Officially, Bratz dolls went out of circulation for a while because of some industrial battle between two toy companies. Nobody talks about that now. “We’re a very tight industry, the toy industry. Nobody holds any grudges,” says the MD, Andrew Laughton. The way people describe toy manufacturing is incongruously grown up. “The toy industry is incredibly risk averse, it’s very, very difficult to persuade them to do things differently,” observes Jess Day, from the online pressure group Let Toys Be Toys, making it sound like a cross between the mafia and shipping insurance.
So the new Bratz dolls may come as a surprise: they have a more sports-based, motivational look. The heels have been replaced by trainers and Doc Martens. With the obvious caveat that they are still inanimate objects, the new generation Bratz seem more like active agents, less like passive wearers-of-clothes. “We have tempered down the extremeness of the makeup on the bulk of the range,” says Laughton. “Nobody wears makeup at the gym so why should these dolls?” But have they seen the light of female empowerment, or have they just seen some new market research?
There was, from their inception in 2001, a real controversy about what Bratz dolls looked like. Tamsin Kelly, 47, says they had “enormous heads, and this strange bondage clothing, lots of leopard print and plastic. My daughter started playing with them when she was about eight. Inappropriate would be a bit strong but I thought they were ugly.” However, Kelly is more scornful of parental taboos than the BDSM aesthetic of the dolls. “My mother never gave us Barbies because they were supposed to give us an eating disorder.”
My mother, I share, wouldn’t get me a Girl’s World because she divined a deep-seated misogyny in making a doll that was the disembodied head of a woman in the first place. “Mine wouldn’t either,” says Kelly. “And she was just laughing the other day about how much fuss I made, and I thought, ‘but I really, really wanted one! This is no laughing matter.’”
Developmental psychologist Margaret McAllister says: “I deplore the sexualisation of children, of children’s toys, the encouragement to be old before their time. But it doesn’t make any sense at all to put in strict embargos. That will simply make it more attractive. It’s better to use diversionary tactics.”
And that is broadly Jess Day’s line. Her daughter plays with Lottie dolls, which are based “on the actual proportions of an average nine-year-old girl”. She says: “It’s a doll for children which is childlike, all the outfits and the themes are the things that a nine-year-old might authentically be able to do. There’s no doctor Lottie, but there’s a fossil hunter Lottie.” Some parents navigate, some divert, some don’t mind the incredibly heavy lip liner, so long as there’s a creative undertow.
Jodie Pearce, 20, was into Bratz in 2004, with her two sisters. “We’d play for hours, come down for food, be off for the rest of the day. It was really immersive. I think that’s why my mum never objected, because she saw that it was a healthy thing.” And perhaps there’s such a natural progression from the eight-year-old who wants to dress as a Bratz, to the 12-year-old who would rather die than do so, that it doesn’t matter.

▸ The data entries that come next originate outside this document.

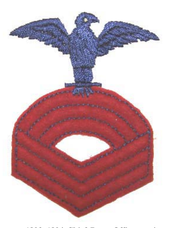
1893–1894 Chief Petty Officer rating badge without a specialty mark for white clothing. A specialty mark was added depending on the rate. The eagle was white for blue clothing.
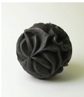
HALIMA CASSELL Noir
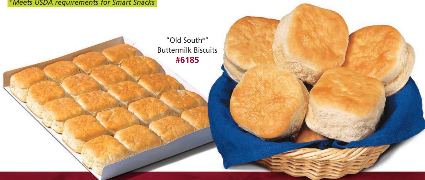
"Old South" Buttermilk Biscuits #6185

*Meets USDA requirements for Smart Snacks
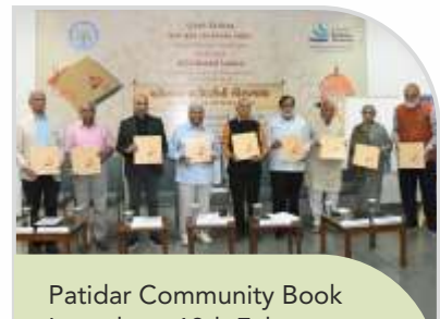
Patidar Community Book Launch on 18th February 2024.
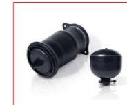
Airsprings and Suspension Spheres
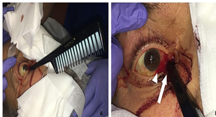
Image 1. Hair comb impaled into the right inferomedial orbit (A) with higher magnification (B) of the foreign body with right conjunctival laceration at the nasal limbus extending inferonasally (arrow) with associated subconjunctival hemorrhage (arrowhead).

To avoid further ocular damage, the decision was made to emergently remove the comb at the bedside with topical proparacaine and IV fentanyl. The ophthalmologist gently removed the comb using steady traction after sterilizing the surgical field with topical betadine. The patient was admitted for further management of his hepatic disease and psychiatric evaluation. He was continued on topical erythromycin ointment and neomycin-polymyxin-dexamethasone drops, IV piperacillin/tazobactam, and IV levofloxacin. He also received three days of IV dexamethasone for optic neuropathy. His afferent pupillary defect resolved by hospital day 2 and his visual acuity improved to 20/70 in both eyes. On discharge (hospital day 13), he had regained full extraocular motility, and his conjunctival laceration and subconjunctival hemorrhage were healing well and did not require further
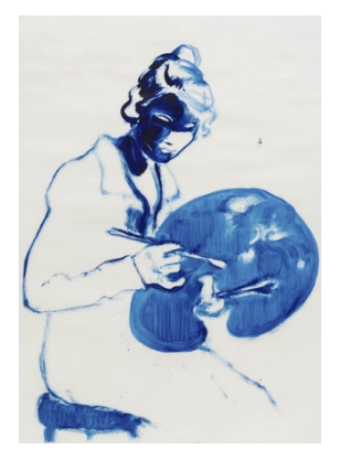
Image: Untitled (2019), Lisa Brice.

mysterious. The use of the colour blue is in part a reference to the Trinidadian carnival character of the 'Blue Devil', and reflects Brice's interest in the way that masks and disguises can serve as a form of liberation. Brice was born in Cape Town and divides her time between London and Trinidad; her first museum show in the Netherlands at the GEM Museum of Contemporary Art in The Hague includes a new painting exploring the work of the Dutch painter Charley Toorop, whom she first came across in the collection of the adjoining Kunstmuseum (21 November–5 April 2021). Find out more from the GEM website.
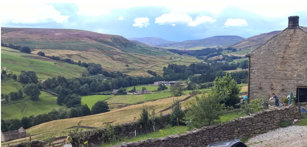
Looking towards the Scar House reservoir, Great (L) and Little Whernside in the distance
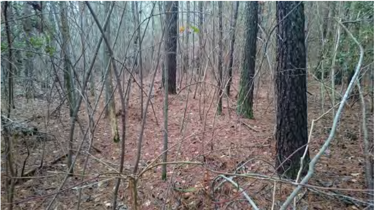
Photo 2 Upland data point wsoc017_u facing south
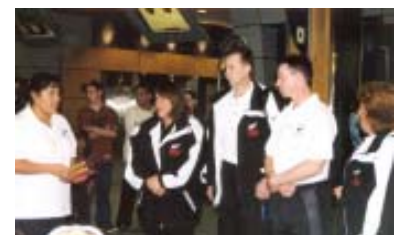
Italy World Champs Coaching Team
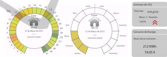
Figure 1: Eco-feedback user interface snapshots, from left to right: month view, year view, real time view (CO 2 /Month, kW/h and Euros/Month).

The interface also presents real time data to the user, namely power consumption in watts and power events. Figure 1 shows a snapshot of the eco-feedback user interface.
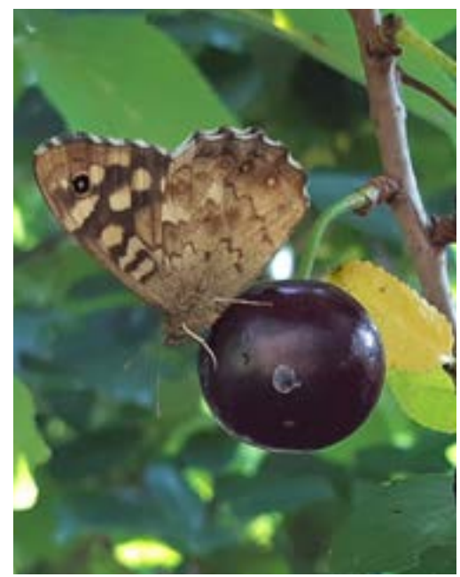
Speckled Wood
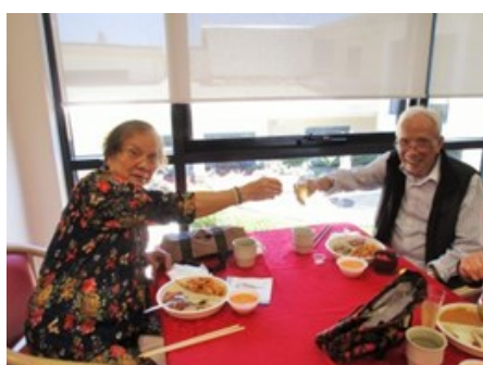
Merry Christmas to everybody!
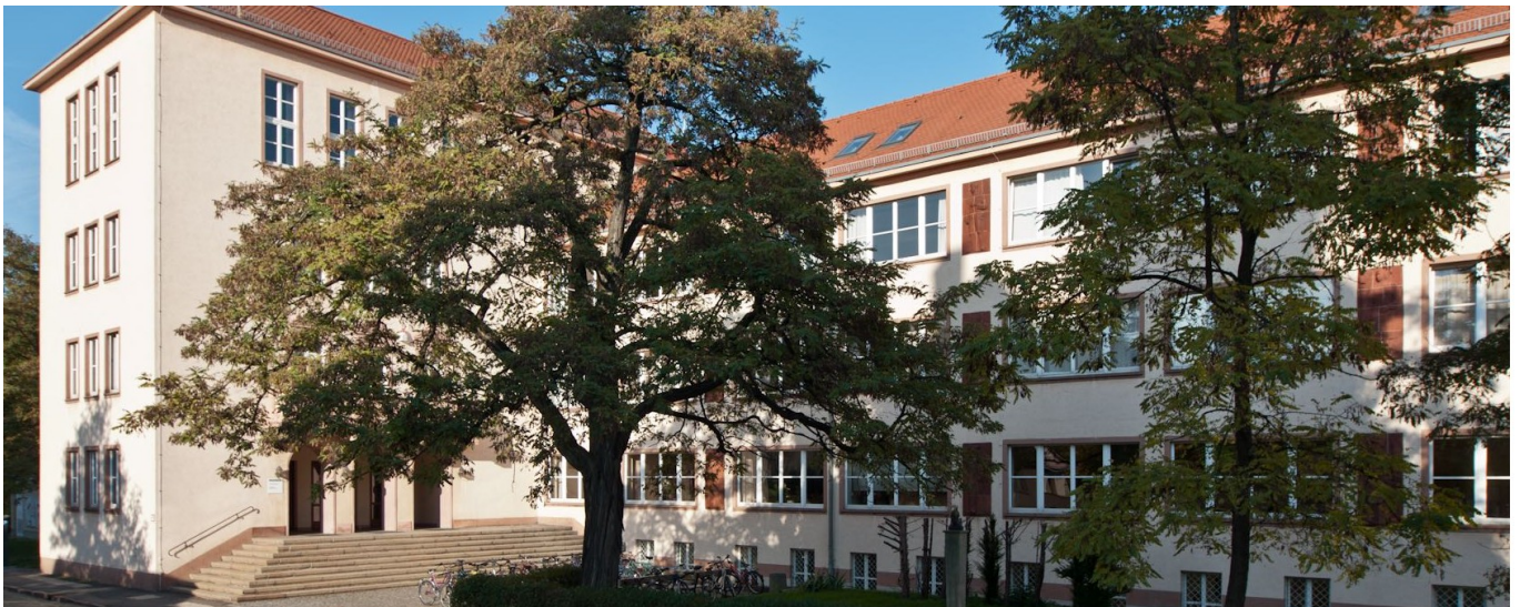
Unser Institut in der Lumumbastraße / Our institute on Lumumbastraße
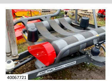
MF TW 130 TRAILED BALE WRAPPER £9,750
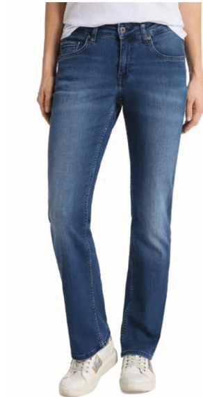
STYLE 1009319-5000-502 10,8 oz soft structured stretch denim medium washed 95% CO | 3% EME | 2% EL
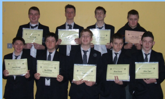
KS3 Top Boy and Best Effort of 2009-2010
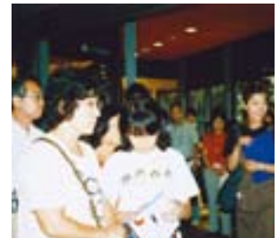
"Let's Enjoy the Chihiro Art Museum More" tour July 23, Aug. 13, 27, and Sept. 10, 2005
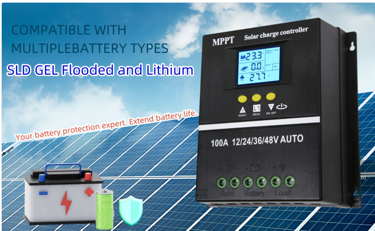
Figure 5.2: Compatible battery types.

The controller is compatible with Sealed, GEL, Flooded, and LifePO4 batteries. Ensure you select the correct battery type in the settings for optimal charging and battery longevity.
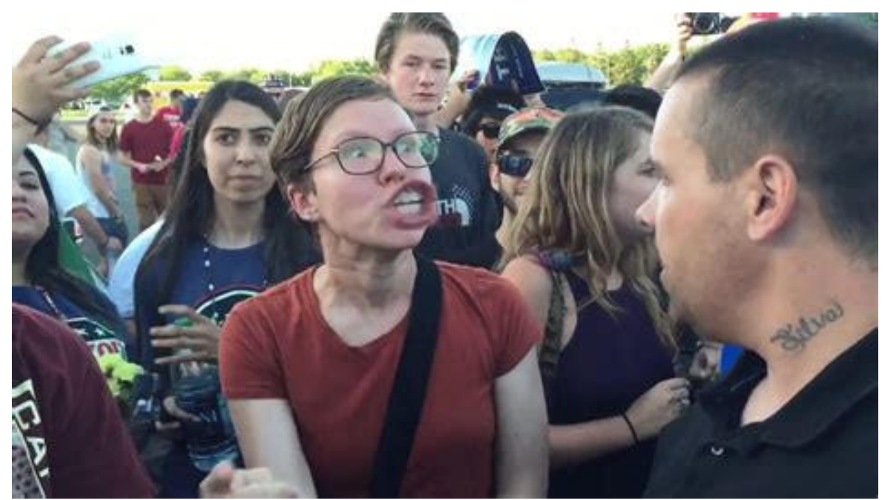
Another "attractive" Jew, demanding "tolerance"?
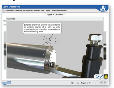
96-MP3 Multimedia Showing Types of Chamfers in Lathe Operation

In addition to the knowledge and skills presented in this learning system, Amatrol offers even more Machine Tools training! Machine Tools 3 (96-MP3) focuses on the manual lathe through topics like: roughing and finishing operations, cutting chamfers, grooving operations, and threading operations.
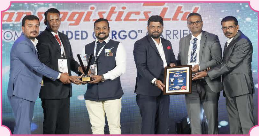
Shreeji Translogistics Ltd
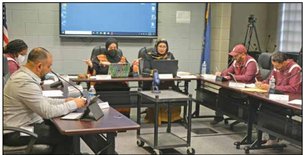
The Hamtramck Public School Board will spend this month talking about the district's budget and millage renewal proposals. Its regular meeting for July has been cancelled.

why it skipped getting the ballot question on the August primary election.
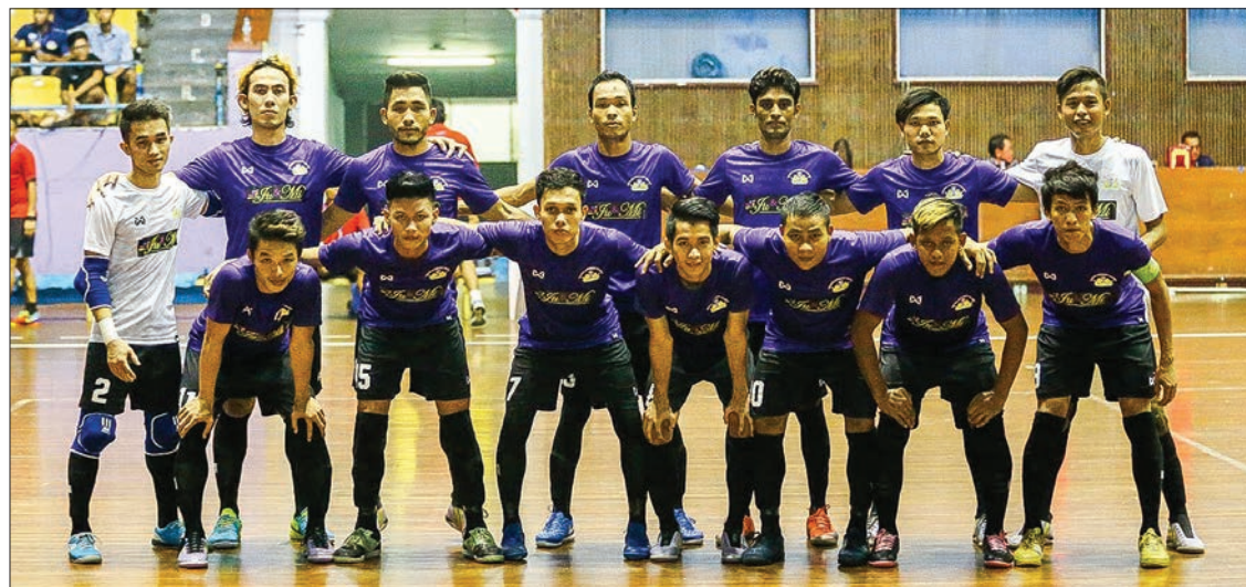
Players from the Victoria University College (VUC) Futsal Club pose for a group photo at the MFF Futsal Open Cup 2019 in Yangon.

MYANMAR'S Victoria University College (VUC) F.C. will compete in the Asian Futsal Club Championship 2019 in Thailand, according to a statement released yesterday by the Myanmar Football Federation. The VUC F.C. finished second in the MFF Myanmar Futsal League 2018, and now, they will participate in the Asian Futsal Club Championship 2019, which will be held at the Futsal Arena Indoor Stadium in Bangkok
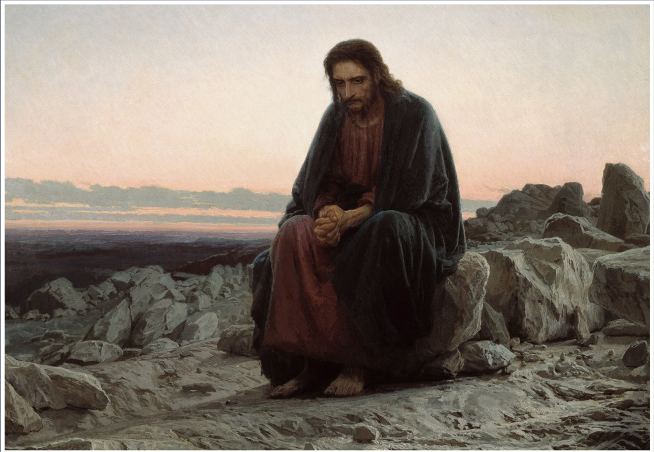
Christ in the Desert | Ivan Kramskoi | 1872

February 18, 2024 | First Sunday of Lent
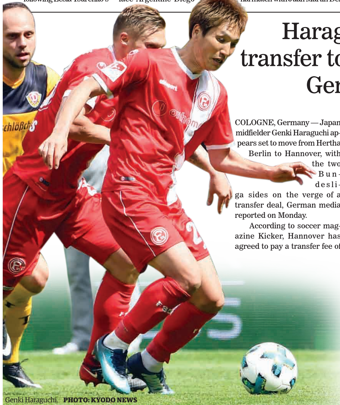
Genki Haraguchi.

COLOGNE, Germany — Japan midfielder Genki Haraguchi appears set to move from Hertha Berlin to Hannover, with the two
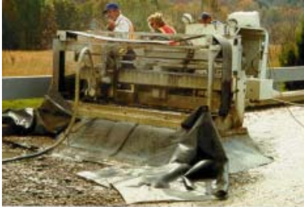
Figure 1: Hydro machine in action. (Note the rubble in front, compared to the milled deck behind.)

the hydroblast machine over the whole bridge, 5,800 square feet, or $ 2.06/sf. This price included vacuuming up the debris and dumped on site. MoDOT maintenance forces were used to haul the rubble away. MoDOT also had to set up straw bail dams to catch the solids in the water before it was allowed to enter the roadway ditch. The effluent was checked by MoDOT to supply information on turbidity to the Missouri Department of Natural Resources to make sure it passed clean water standards.
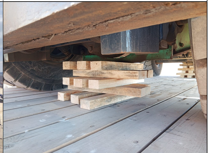
12. Square ladders used under crane.
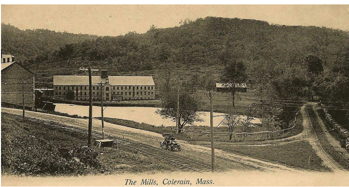
No trolleys here at Willis Place, but note the loading platform next to the track. Milk, maybe?
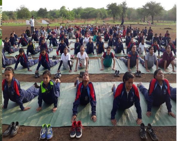
International Yoga Day (IYD)
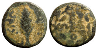
1090 Roman coin Bronze 1-4 Century AC 16mm 2,16g
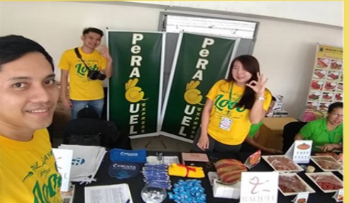
RTIPC IV-A 11th Annual Convention November 9, 2018
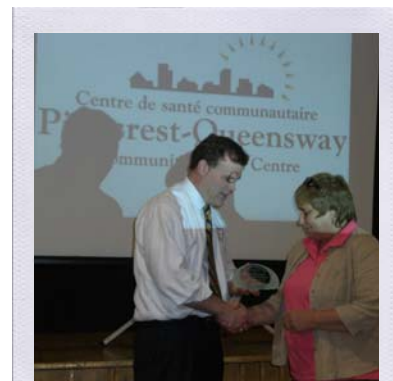
Congratulations Woodroffe United Church!
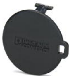
Protective cap for 3 and 5-pos. PRC field plugs

Please be informed that the data shown in this PDF Document is generated from our Online Catalog. Please find the complete data in the user's documentation. Our General Terms of Use for Downloads are valid ( http://phoenixcontact.com/download )
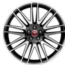
20" 9 Split-Spoke, 'Style 9004', with Contrast Diamond Turned finish, Alloy Wheel
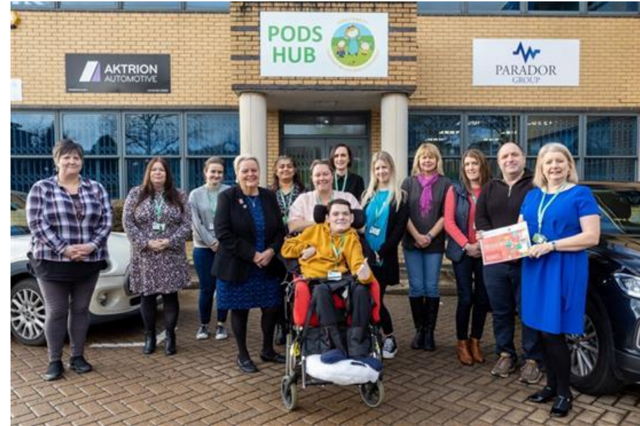
PODs Telford and Wrekin - Waiting Well project
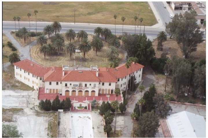
Historic Naval & Military School
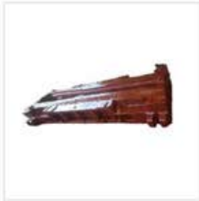
Casting For Tool And Die Industry
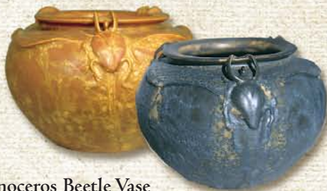
Rhinoceros Beetle Vase
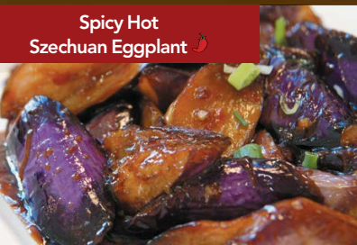
Spicy Hot Szechuan Eggplant 🌶️
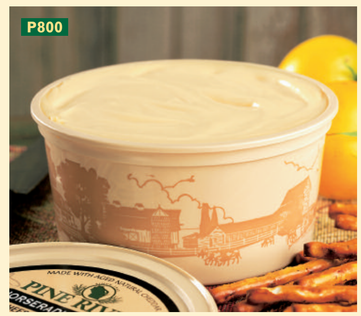
HORSERADISH GOURMET CHEESE SPREAD

P800. Vibrant white Cheddar spread flavored with a touch of zesty horseradish. (12 oz.) $13
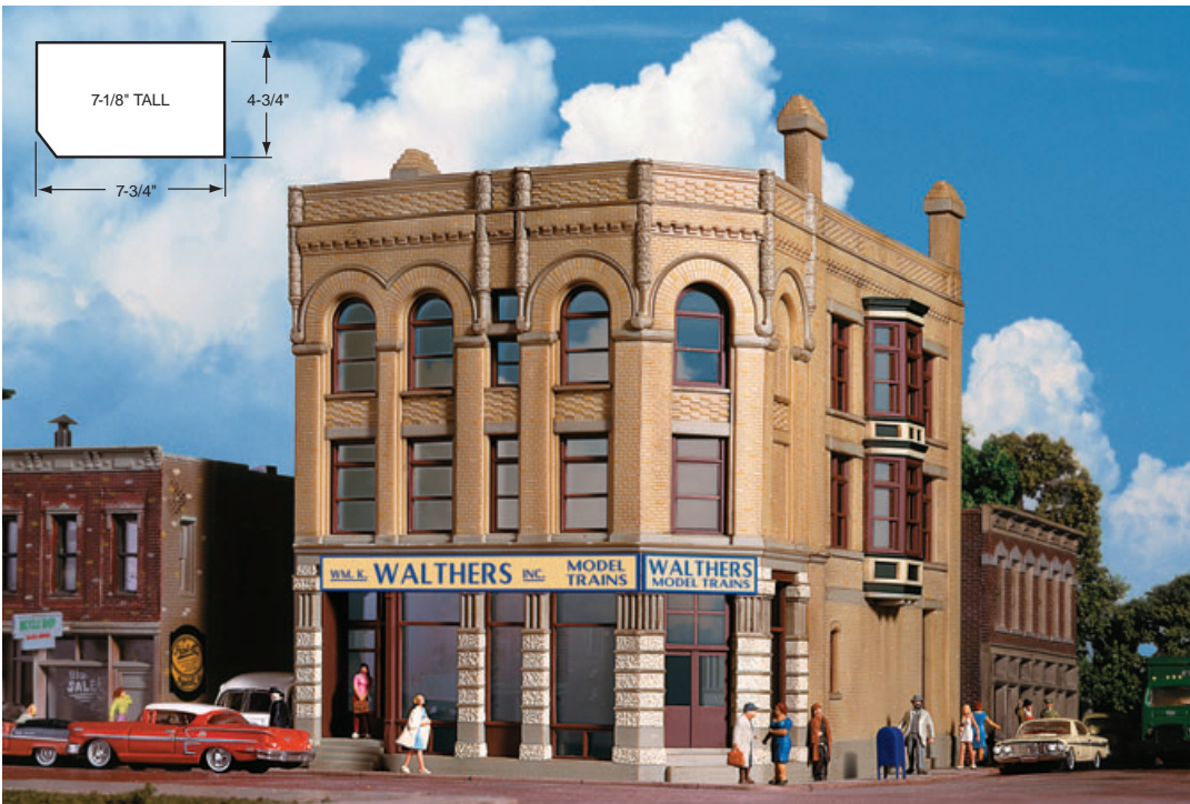
HO Scale Walther's Water Street Building 933-2814

Based on a typical early 1900s design, Fire Co. No. 4 is right at home with factories, railroad facilities or commercial buildings. Also ideal as a display model, it's deep enough to handle most ladder trucks. Realistic decals are provided for customizing.
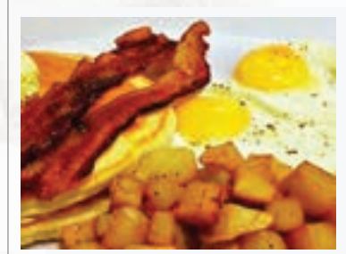
Peña's Classic #$ ž "

Two eggs cooked your way, choice of meat, choice of country potatoes, hash browns, or grits, and two sweet cream pancakes.
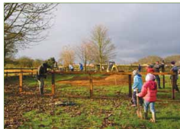
Children and parents working on the new pond and wildlife area at Welburn School.

If you would like further details about the AONB's Sustainable Development Fund or would like to apply for funding for a project, then please contact the AONB Unit.
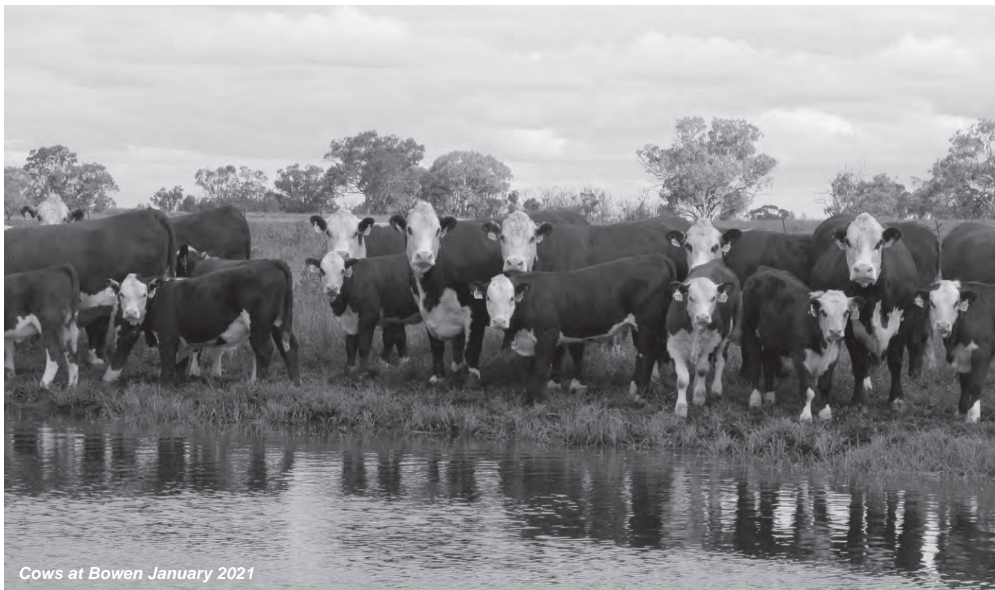
Cows at Bowen January 2021
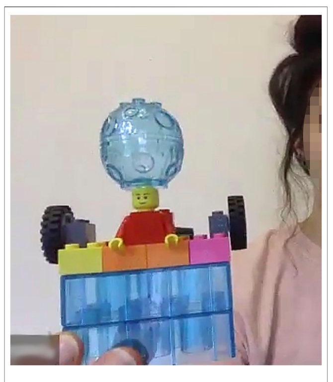
FIGURE 2 | The "big brain".

Because the second main question focused on tasks, this also included ways a robot could learn about the user's actual needs to
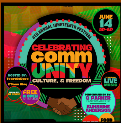
Collaborated with the band leader of the Good Vybez Band to perform at the 2025 Juneteenth Festival at the Atlantic Union Pavilion in VA.
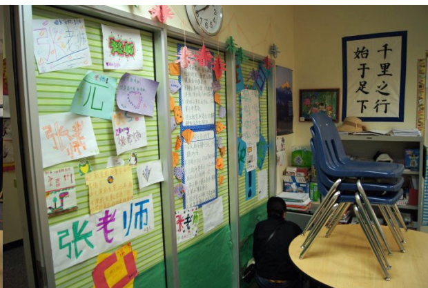
Another wall of her classroom

It appears that there is an increasing need for teaching Mandarin language in American schools.
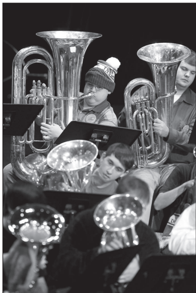
The university's annual TubaChristmas, presented Sunday, Dec. 7, in Talbot Theater, showcased the talents of area tuba and euphonium players. A growing national tradition for 35 years, the first TubaChristmas was conducted at New York City's Rockefeller Plaza Ice Rink on Sunday, Dec. 22, 1974.

Location: Bollinger Memorial Student Union, LeBijou Theater

Zahrah Yusuf, 18, remembers thinking: “One day, when I’m older, I can wear this really cute, tiny red dress. And actually, I can see this doll’s butt, that’s crazy.” She says: “Other people would play scenarios, act out different things. I never used to do that. I think there were probably more creative things I could have done with my time.” If you’ve seen Toy Story 2, look away now. “And then, I just gradually stopped. Until they never came out of their box.”
The toy industry as a whole has a long and proud history of resisting cultural critique. Who won, in the end, between the pacifists and toy gun makers? Obviously, Nerf guns won. A research company called Pineapple Lounge produced a report this month, Little Miss-Understood, which Day describes: “They’ve spent some time talking to girls about what actually interests them. They don’t want everything to be focused on their appearance. They want to connect with technology, they want to have fun, they want to be creative. Fashion and glamour is only a slice of it. Once you start dividing things up by gender, you get these very narrow definitions of what it means to be one gender or the other.”